→ Information shown
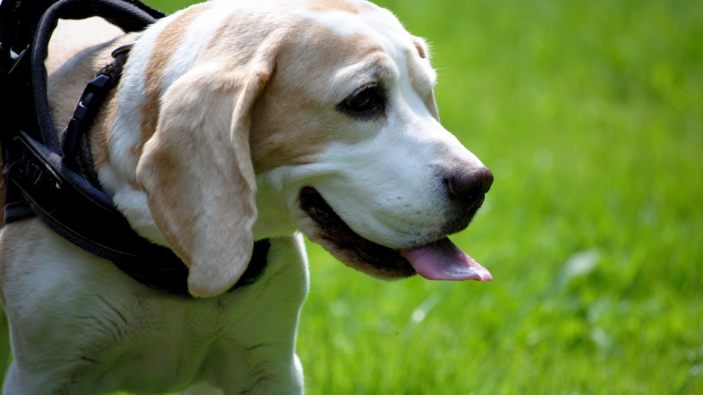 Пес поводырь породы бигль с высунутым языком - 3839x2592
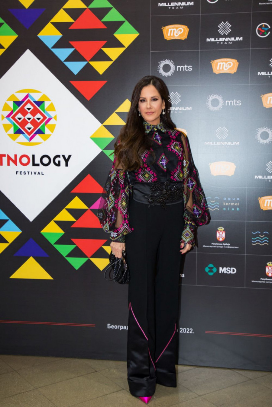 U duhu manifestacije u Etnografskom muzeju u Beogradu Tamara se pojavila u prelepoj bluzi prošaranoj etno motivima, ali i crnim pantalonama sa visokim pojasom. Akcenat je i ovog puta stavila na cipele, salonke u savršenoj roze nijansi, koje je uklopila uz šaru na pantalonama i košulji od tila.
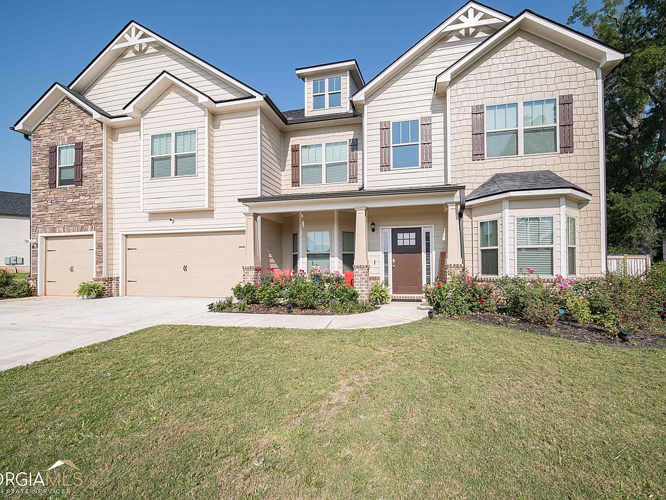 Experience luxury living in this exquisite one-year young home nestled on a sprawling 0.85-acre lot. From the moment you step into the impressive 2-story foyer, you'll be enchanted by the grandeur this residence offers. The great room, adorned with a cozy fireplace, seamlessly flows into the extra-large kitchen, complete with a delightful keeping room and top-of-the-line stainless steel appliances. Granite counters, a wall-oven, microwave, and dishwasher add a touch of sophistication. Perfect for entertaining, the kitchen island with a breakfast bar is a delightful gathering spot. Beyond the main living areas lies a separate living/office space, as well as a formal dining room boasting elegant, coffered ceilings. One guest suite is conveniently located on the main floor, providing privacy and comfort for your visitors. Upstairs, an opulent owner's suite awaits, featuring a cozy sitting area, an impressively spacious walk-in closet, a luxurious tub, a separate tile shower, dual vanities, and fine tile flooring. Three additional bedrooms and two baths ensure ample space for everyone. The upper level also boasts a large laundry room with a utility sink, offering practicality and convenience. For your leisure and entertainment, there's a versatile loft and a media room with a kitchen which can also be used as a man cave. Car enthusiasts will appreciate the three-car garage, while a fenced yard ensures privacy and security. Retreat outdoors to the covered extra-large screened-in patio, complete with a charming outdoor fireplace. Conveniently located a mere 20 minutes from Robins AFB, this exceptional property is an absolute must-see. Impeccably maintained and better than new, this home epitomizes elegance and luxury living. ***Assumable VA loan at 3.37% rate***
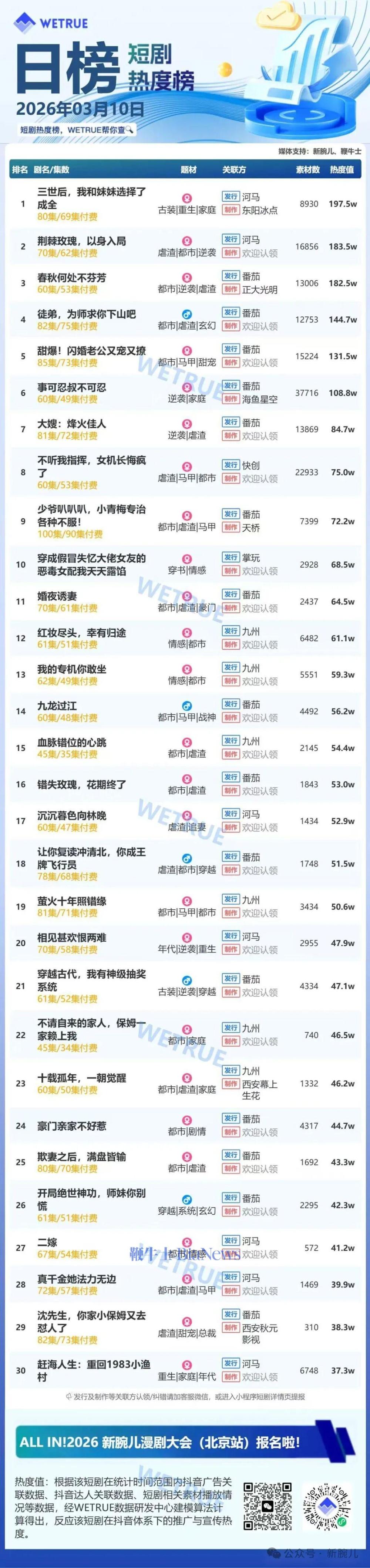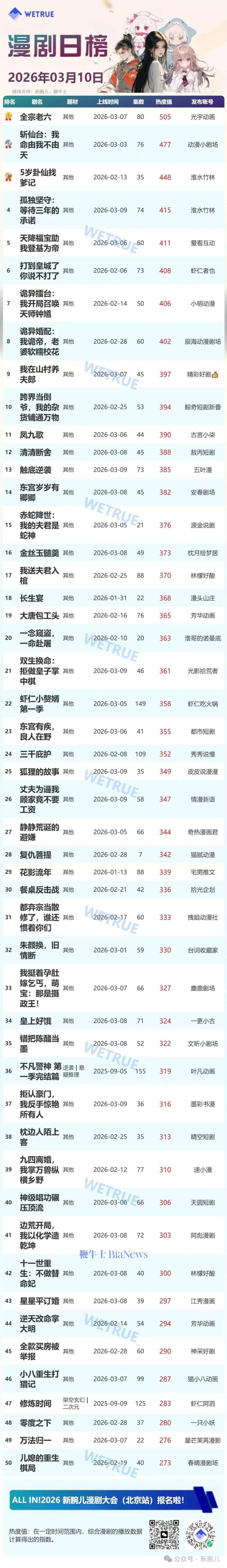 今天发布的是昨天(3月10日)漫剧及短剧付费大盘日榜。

→ What to do
Restate the material above word for word; pictures do not belong in the copy.

→ Exercise output
 Пес поводырь породы бигль с высунутым языком - 3839x2592
 U duhu manifestacije u Etnografskom muzeju u Beogradu Tamara se pojavila u prelepoj bluzi prošaranoj etno motivima, ali i crnim pantalonama sa visokim pojasom. Akcenat je i ovog puta stavila na cipele, salonke u savršenoj roze nijansi, koje je uklopila uz šaru na pantalonama i košulji od tila.
 Experience luxury living in this exquisite one-year young home nestled on a sprawling 0.85-acre lot. From the moment you step into the impressive 2-story foyer, you'll be enchanted by the grandeur this residence offers. The great room, adorned with a cozy fireplace, seamlessly flows into the extra-large kitchen, complete with a delightful keeping room and top-of-the-line stainless steel appliances. Granite counters, a wall-oven, microwave, and dishwasher add a touch of sophistication. Perfect for entertaining, the kitchen island with a breakfast bar is a delightful gathering spot. Beyond the main living areas lies a separate living/office space, as well as a formal dining room boasting elegant, coffered ceilings. One guest suite is conveniently located on the main floor, providing privacy and comfort for your visitors. Upstairs, an opulent owner's suite awaits, featuring a cozy sitting area, an impressively spacious walk-in closet, a luxurious tub, a separate tile shower, dual vanities, and fine tile flooring. Three additional bedrooms and two baths ensure ample space for everyone. The upper level also boasts a large laundry room with a utility sink, offering practicality and convenience. For your leisure and entertainment, there's a versatile loft and a media room with a kitchen which can also be used as a man cave. Car enthusiasts will appreciate the three-car garage, while a fenced yard ensures privacy and security. Retreat outdoors to the covered extra-large screened-in patio, complete with a charming outdoor fireplace. Conveniently located a mere 20 minutes from Robins AFB, this exceptional property is an absolute must-see. Impeccably maintained and better than new, this home epitomizes elegance and luxury living. ***Assumable VA loan at 3.37% rate***
 今天发布的是昨天(3月10日)漫剧及短剧付费大盘日榜。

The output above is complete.